Шрифт:
Интервал:
Закладка:
— Что, совсем шало не осталось? — заботливо спросил палач. — Плохо, да?
— Пошел… на… хрен…
— Теперь узнаешь, что чувствуют те, кого вы в рабство угоняете, — оскалился оппонент. — У них ведь тоже магии никакой нет, падаль.
— На… хрен…
Внезапный прорыв в изучении вражеского языка не принес мне никакой радости — теперь я был вынужден следить еще и за тем, чтобы не сболтнуть чего-нибудь лишнего, а заплетающиеся мысли и сжигающая нервы боль только осложняли эту задачу. Тем не менее, в какой-то момент сквозь окутавшую меня пелену пробилась удивительно трезвая и холодная мысль — я чересчур стойко держался под пытками, не скатываясь в слезливые мольбы, успешно контролируя собственные инстинкты и пытаясь дождаться хоть каких-то перемен.

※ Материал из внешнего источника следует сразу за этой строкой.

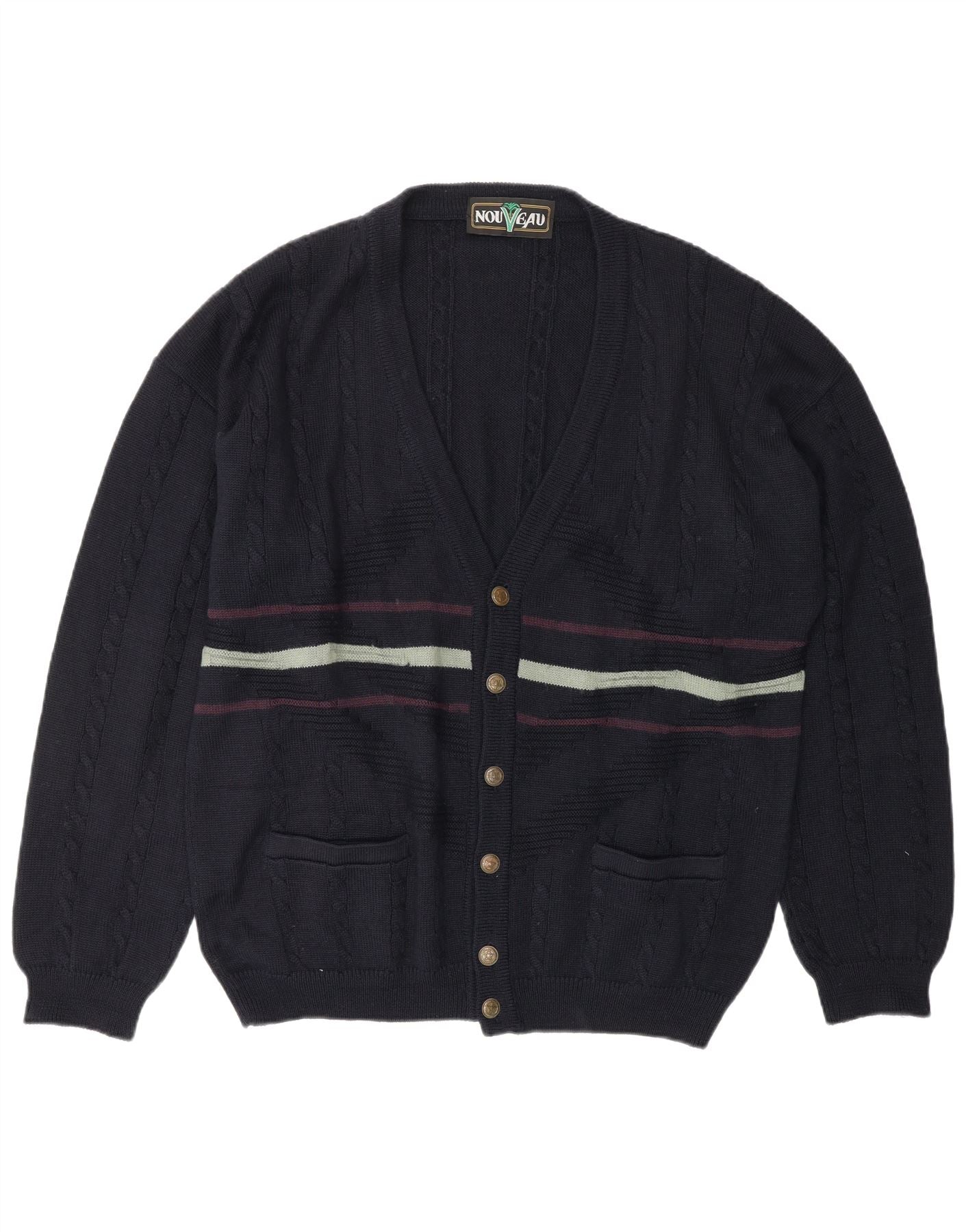 Ανδρικό πουλόβερ NOUVEAU Ζακέτα XL Μαλλί σε μπλε ριγέ
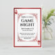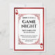 Cette invitation à la soirée de Game Night présente un design classique de carte de jeu. Un cadre de style vintage orné entoure la zone de texte centrale. Un cadre de conception de feuille rouge assorti borde l'invitation. Deux coeurs rouges et le monogramme de l'As sont imprimés dans des coins opposés, comme la disposition d'un jeu de cartes.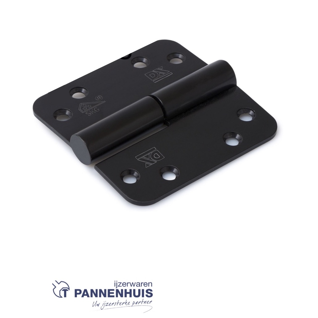 Kogelstiftpaumelle ronde hoeken 89×89 mm Links (belgisch rechts) RVS geborsteld zwart SKG ***

Организм как будто задрал болевой порог до немыслимых высот, позволяя мне терпеть, жить и думать. Возможно, таким образом адаптировалась моя аура. Возможно, сказался опыт работы с безумным мечником. Возможно, мне прямо сейчас помогала заработавшая на полную катушку регенерация. Как бы то ни было, но все это позволяло до последнего сохранять ускользающую надежду.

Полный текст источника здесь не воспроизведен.